• _TASK ITEM_
Return exactly the lines from the start of the records below through the line containing "Светодинамическая миниатюра ПРАЗДНИЧНЫЕ", both ends included, and leave out the pictures.

• _AVAILABLE RECORDS_
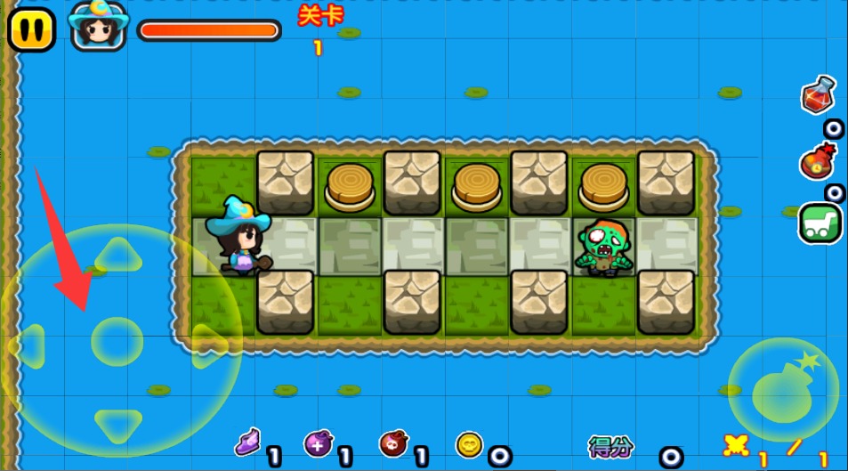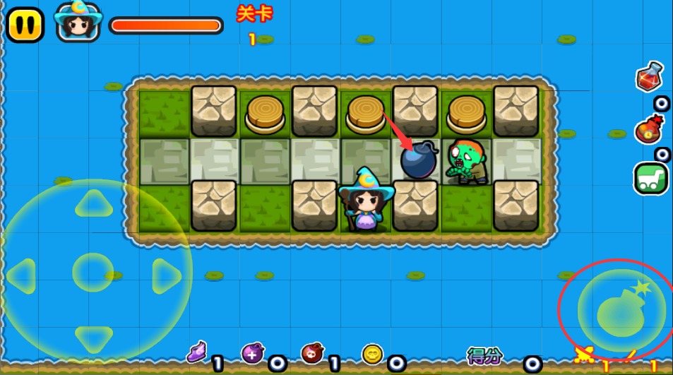 2、遇到怪物时点击右侧炸弹按钮进行放置,爆炸会消灭范围内的敌人,注意把握投掷时机和爆炸范围。
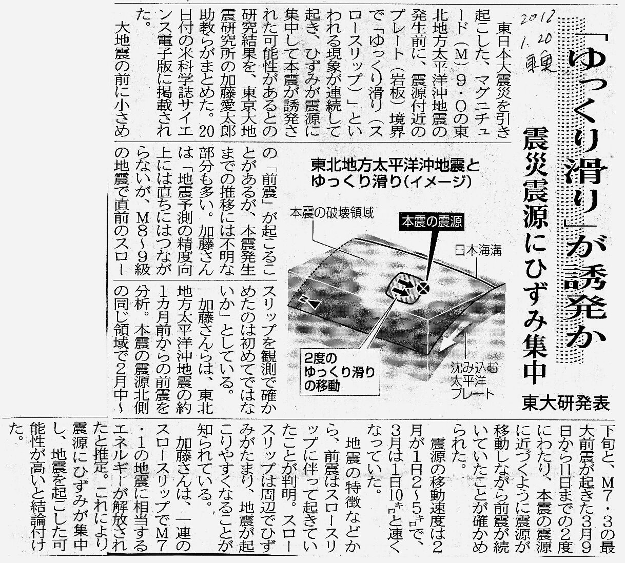 [2012_01_20_03]「ゆっくり滑り」が誘発か 震災震源にひずみ集中 東大研発表(東奥日報2012年1月20日)
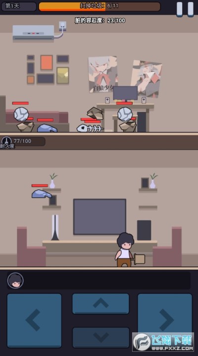 2、操纵自己的小人防御接近垃圾敌人。可以使用拳头,也可以使用武器和道具。
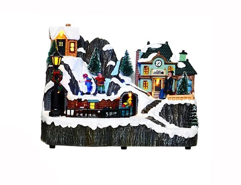 Светодинамическая миниатюра ПРАЗДНИЧНЫЕ ТРАДИЦИИ (с джентльменом на станции) с разноцветными LED-огнями, музыкой и динамикой, полистоун, 22х17 см, батарейки, Kaemingk (Lumineo)
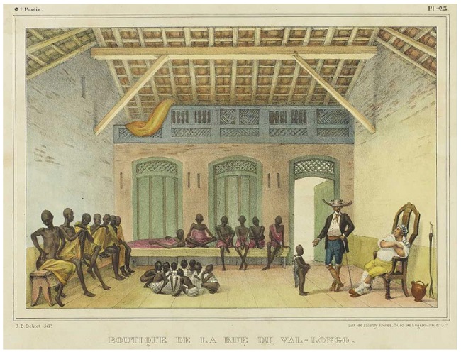 Esses documentos expõem de forma clara os componentes do complexo formado na região do Valongo para o comércio de carne humana: o cais, local de desembarque dos africanos recém-chegados; o mercado, na rua do Valongo, onde eram negociados os que se encontravam em condições de serem vendidos14 (Figuras 5 e 6); o lazareto, na Gamboa, onde deveriam ser isolados em quarentena os que se encontravam infectados e os já moribundos; e o cemitério dos Pretos Novos, à rua Pedro Ernesto, onde deveriam ser enterrados os que faleciam15. Vê-se, por meio desse documento, que as condições reclamadas décadas antes pelo Marquês do Lavradio para o comércio de escravos no centro da cidade foram mantidas, ou mesmo pioradas, com a transferência do complexo para a região do Valongo.
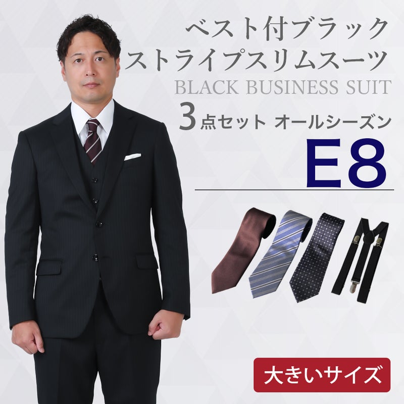 ★【大きいサイズ用】さまざまなシーンに対応するベスト付ブラックストライプスーツ・ウール混紡生地を使用し、柔らかさと質感も美しく晴れの日にぴったりの1着です。・かたちは細身のすっきりとしたシルエット。・仕事からリクルート、晴れの日(授業参観、七五三、成人式、結婚式)などなど幅広いシーンで活躍してくれること間違いありません!!
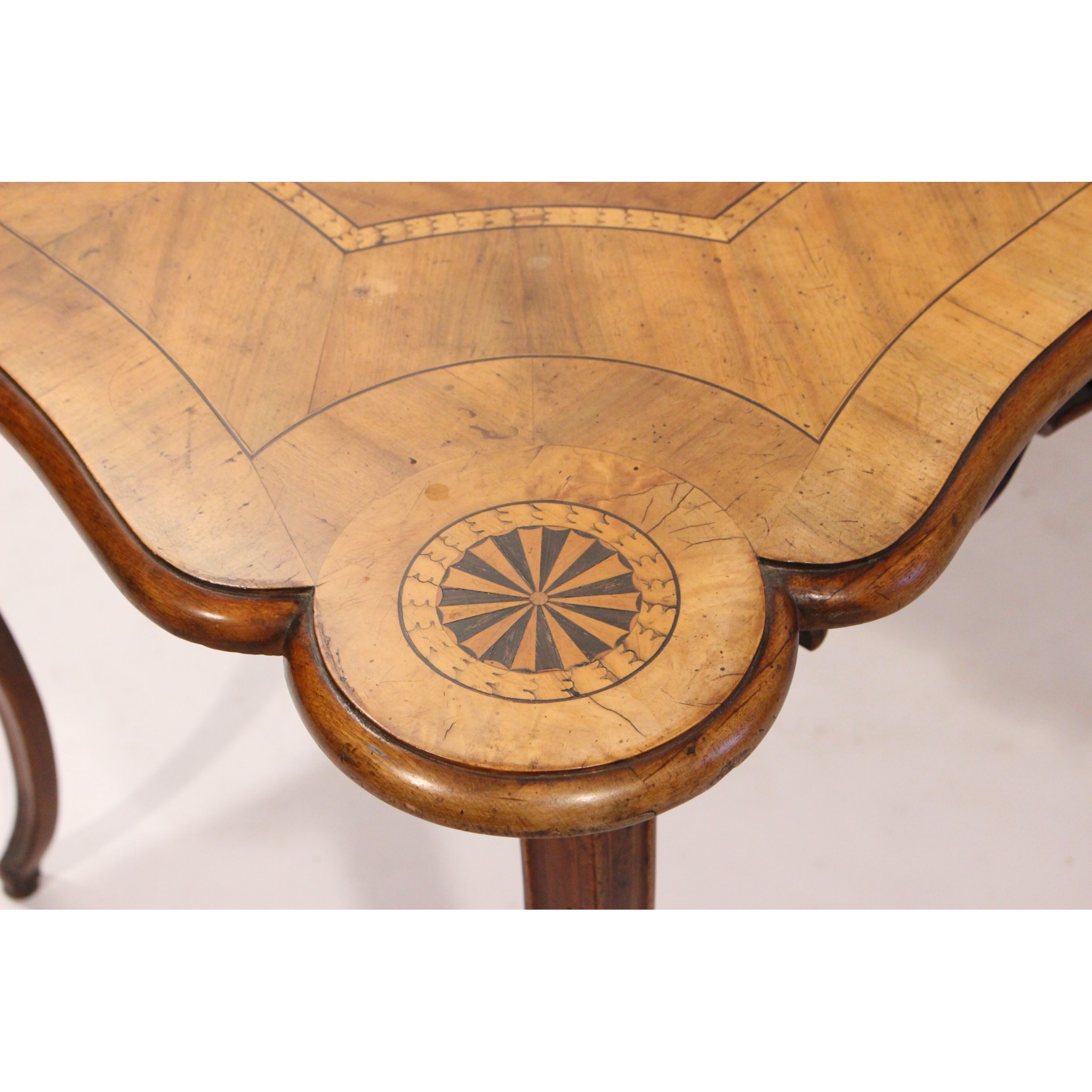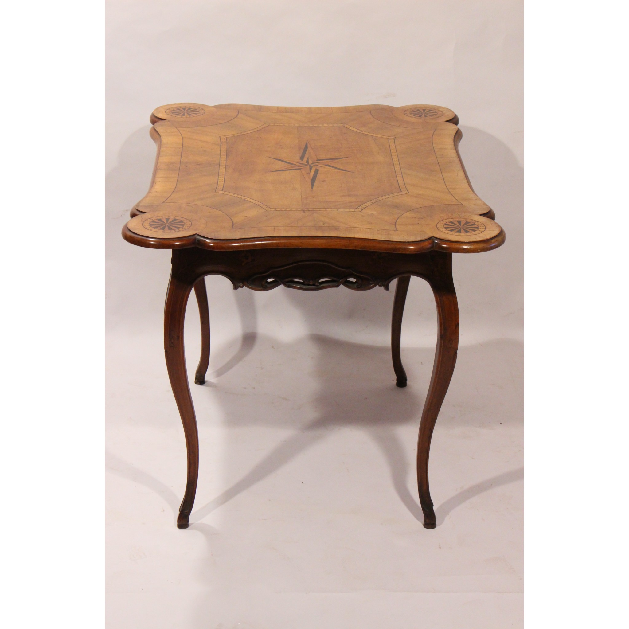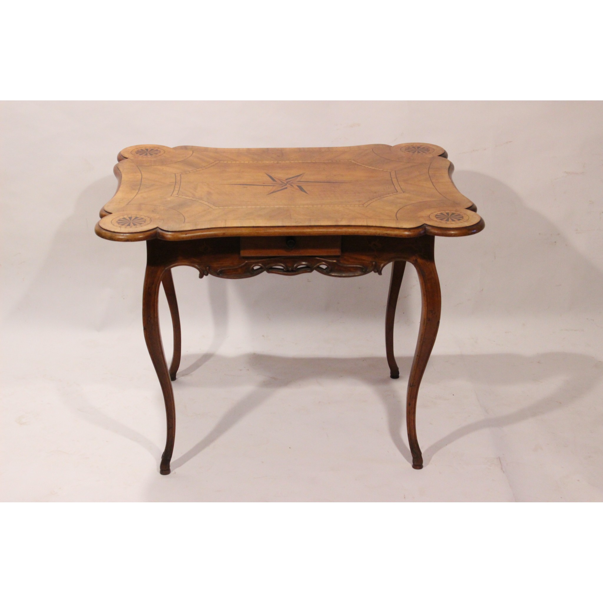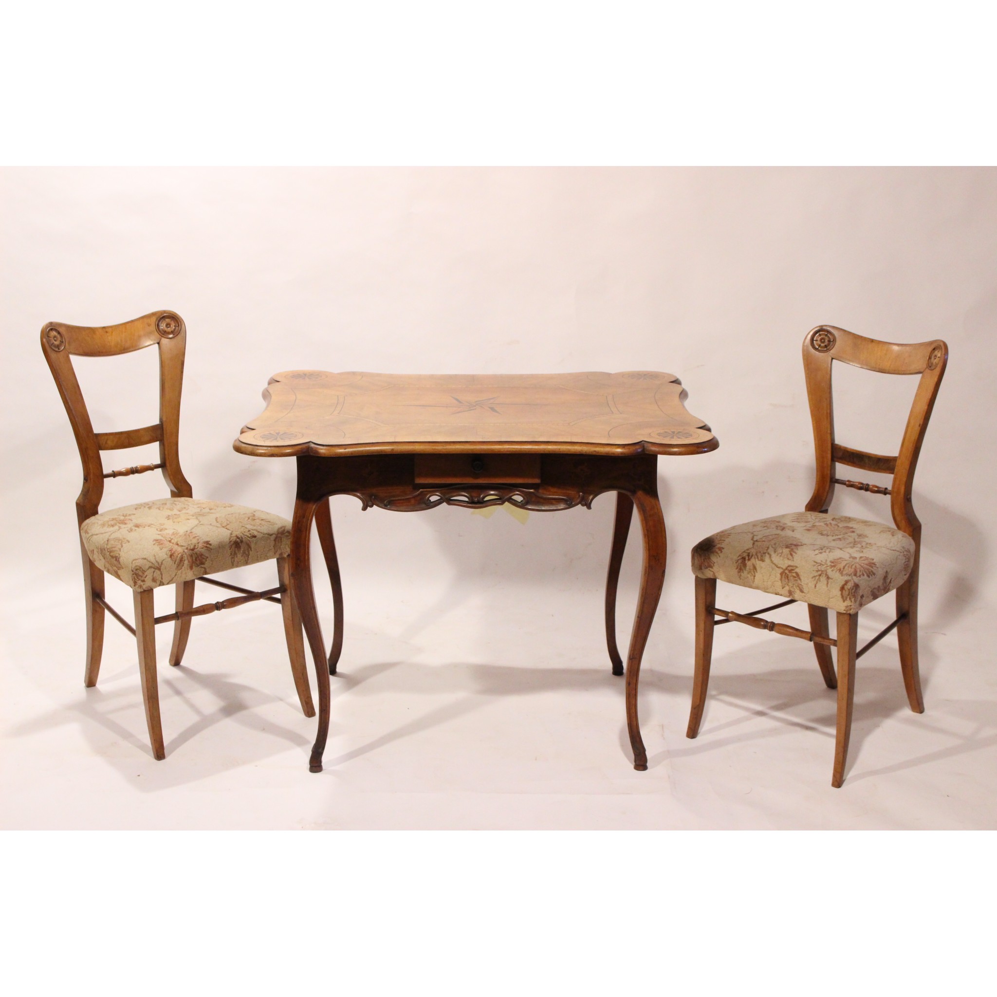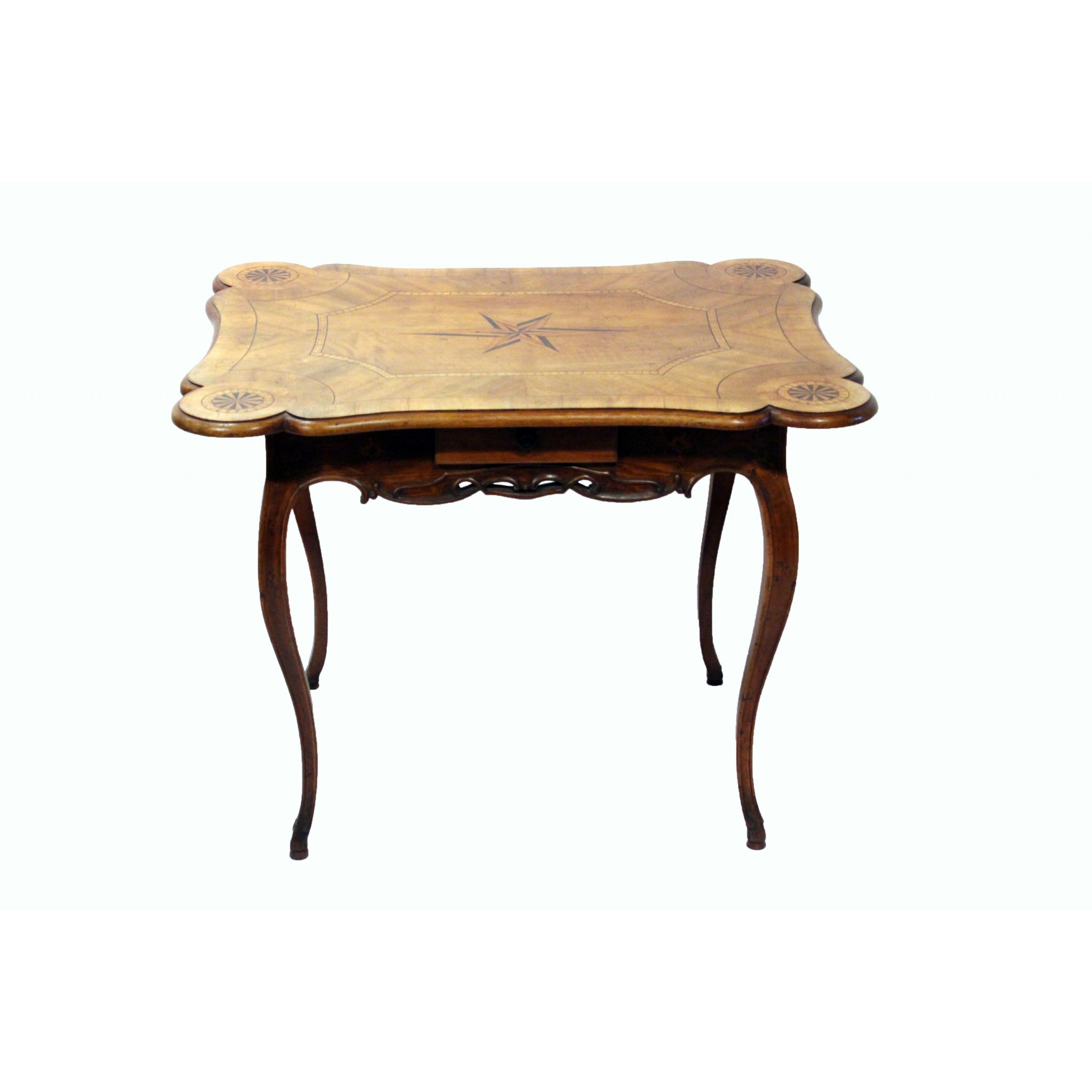 Materiál: ořech dýha masiv, geomterické intarsie z ovocných dřevin

• _RESPONSE AREA_
 2、遇到怪物时点击右侧炸弹按钮进行放置,爆炸会消灭范围内的敌人,注意把握投掷时机和爆炸范围。
 [2012_01_20_03]「ゆっくり滑り」が誘発か 震災震源にひずみ集中 東大研発表(東奥日報2012年1月20日)
 2、操纵自己的小人防御接近垃圾敌人。可以使用拳头,也可以使用武器和道具。
 Светодинамическая миниатюра ПРАЗДНИЧНЫЕ ТРАДИЦИИ (с джентльменом на станции) с разноцветными LED-огнями, музыкой и динамикой, полистоун, 22х17 см, батарейки, Kaemingk (Lumineo)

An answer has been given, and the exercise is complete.